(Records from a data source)
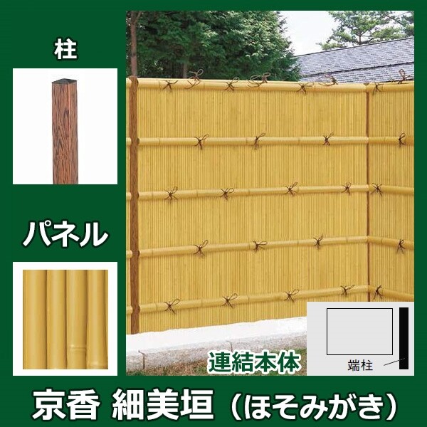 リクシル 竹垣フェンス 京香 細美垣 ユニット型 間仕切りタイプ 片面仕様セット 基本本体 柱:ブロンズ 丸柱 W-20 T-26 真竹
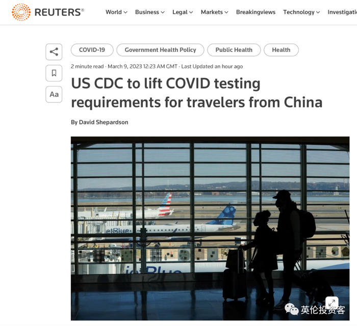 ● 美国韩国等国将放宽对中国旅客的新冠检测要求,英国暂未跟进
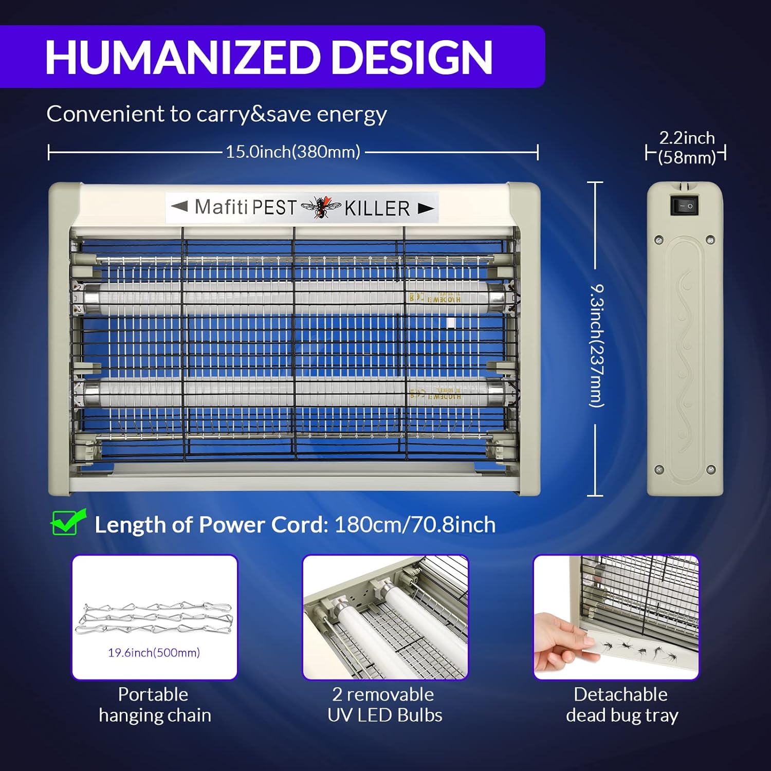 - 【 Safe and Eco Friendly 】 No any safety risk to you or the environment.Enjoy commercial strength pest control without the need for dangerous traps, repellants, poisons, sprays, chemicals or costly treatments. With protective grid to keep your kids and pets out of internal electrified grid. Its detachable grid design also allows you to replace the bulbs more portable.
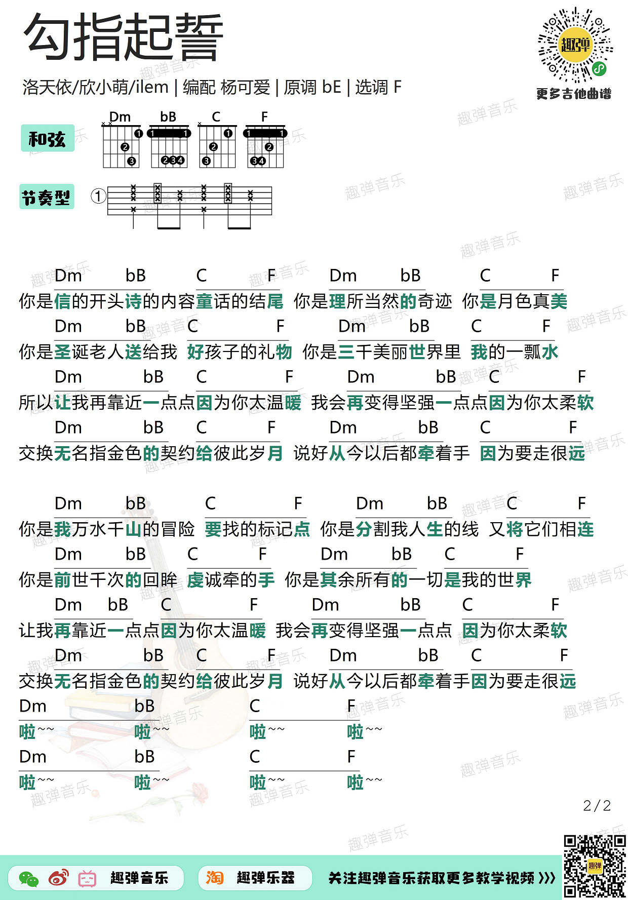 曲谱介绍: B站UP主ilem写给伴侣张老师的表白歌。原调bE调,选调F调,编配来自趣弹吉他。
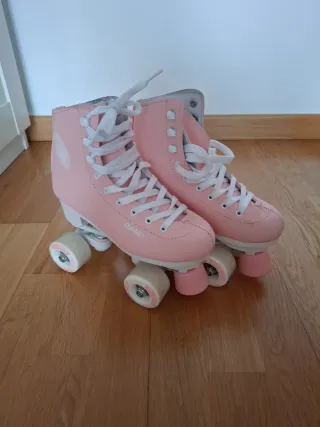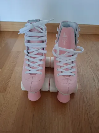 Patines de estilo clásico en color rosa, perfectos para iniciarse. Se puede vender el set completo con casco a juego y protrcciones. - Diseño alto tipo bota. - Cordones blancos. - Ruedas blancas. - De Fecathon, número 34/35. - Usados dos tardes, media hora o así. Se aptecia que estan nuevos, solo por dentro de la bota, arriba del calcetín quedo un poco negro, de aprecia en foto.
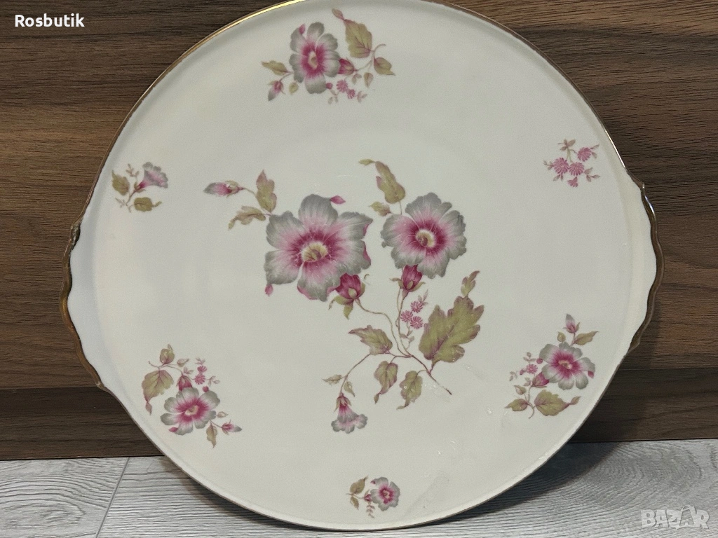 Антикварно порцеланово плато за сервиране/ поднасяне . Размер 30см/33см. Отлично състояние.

→ **WHAT NEEDS TO BE DONE**:
The lines from the one that contains "Patines de estilo" through the end of the data, repeated exactly and with no pictures, make up the whole answer.

→ **FINISHED EXERCISE**:
 Patines de estilo clásico en color rosa, perfectos para iniciarse. Se puede vender el set completo con casco a juego y protrcciones. - Diseño alto tipo bota. - Cordones blancos. - Ruedas blancas. - De Fecathon, número 34/35. - Usados dos tardes, media hora o así. Se aptecia que estan nuevos, solo por dentro de la bota, arriba del calcetín quedo un poco negro, de aprecia en foto.
 Антикварно порцеланово плато за сервиране/ поднасяне . Размер 30см/33см. Отлично състояние.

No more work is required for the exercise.